> Dataset excerpt:
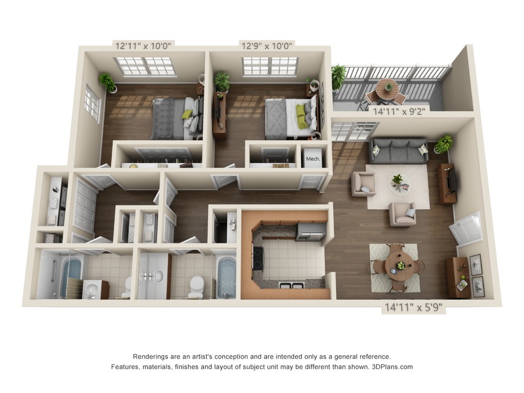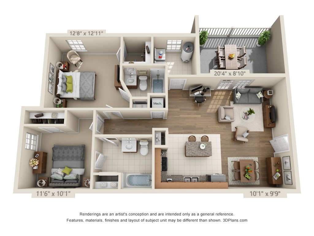 2 Beds, 2 Baths, 1045-1200 sq ftAvailable Dec 3Availability Details
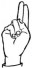 На ћирилици написано МОМИРКА ГЕОРГИЈЕВ састоји се из 16 слова [?]. Исписано ћириличном једноручном азбуком за глувонеме:
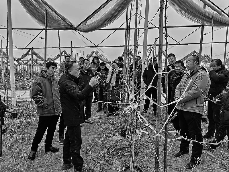 1月25日上午,“新品种苹果园精细化管理技术培训会”在宝塔区桥沟街道办野狐子沟村李志坚果园、烟洞沟村马文昌果园举办。活动特邀白水县果树专家王小军(高级农艺师)主讲“新品种苹果园管理及冬季修剪技术”,旨在系统提升果农对新品种苹果园的精细化管理能力,助力苹果产业技术升级与优质果品培育。 记者 王静 摄
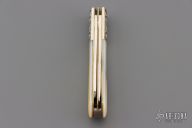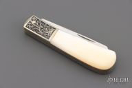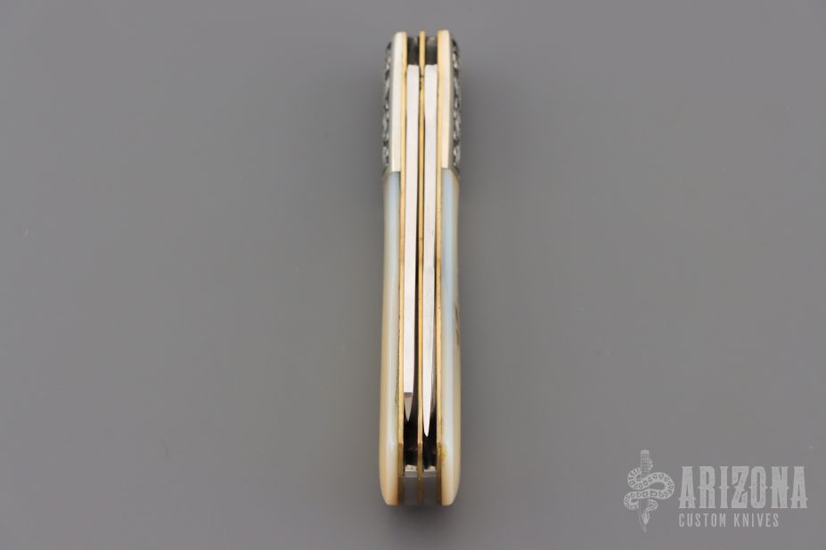 This slipjoint by Parker Cutlery Company features mirror finished blades with nail nicks. The handle has engraved nickel silver bolsters, pearl covers, abalone inlay, brass liners, steel springs. Has some light scratches, otherwise excellent condition. Comes with original box.

> Exercise prompt: Give again, word for word, every line from the top of the data through the line with "На ћирилици написано", both ends included, and exclude the pictures.

> Finished task:
 2 Beds, 2 Baths, 1045-1200 sq ftAvailable Dec 3Availability Details
 На ћирилици написано МОМИРКА ГЕОРГИЈЕВ састоји се из 16 слова [?]. Исписано ћириличном једноручном азбуком за глувонеме:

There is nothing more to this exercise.